Picassos as "documents in economic history"
"The critical change the Impressionists initiated was the elimination of the Academy's monopoly of the ability to present fine art in a setting that critics and the public would accept as legitimate," Galenson said in his talk at the Atlanta Fed. "The conservative jury of the Salon would no longer determine whether aspiring artists could have a successful career."
Thus freed from the influence of a handful of conservative patrons, artists had latitude to innovate, which Galenson describes as "experimental" or "conceptual." (See the related Q&A article for more on this subject.)
One such innovator was Pablo Picasso, the Spaniard who pioneered not only cubism but also the business practice of selling works through individual art dealers, outside the traditional group exhibits. Picasso did this by painting portraits of important Paris art dealers, appealing to their vanity in a clever gambit to create a trade in his paintings, Galenson said.

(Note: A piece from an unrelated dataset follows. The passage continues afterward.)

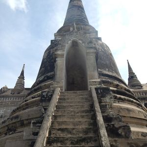 1時間ほど走ると、カンチャナブリの街に到着し、最初の観光のお寺に行きました。当初心配していた雨も上がり曇り空で蒸し暑い中お寺を見学しました。最初の階段に関してはたいしたことはありませんでしたが、それよりも洞窟の中がとても狭くその中を少しですが登るのが大変でした。高齢者の方はきついと思います。

Picasso thus used his art to create a competitive market for that same art. His dozen-plus portraits of dealers, Galenson said, are really "documents in economic history, visual evidence of the birth of a new regime in the history of art markets."
The overthrow of the monopoly system gave artists freedom to innovate. With many dealers competing for artists' work, the artists were unleashed from the demands of often conservative patrons, Galenson remarked. Dealers, collectors, and artists quickly recognized that the most innovative art—which changed genres and most influenced other artists—would be the most valuable.
Of course, art historians have long discussed the different periods and genres in art. But scholars of art have never illuminated the (mostly economic) forces that brought about the major shifts in the art world, according to Galenson.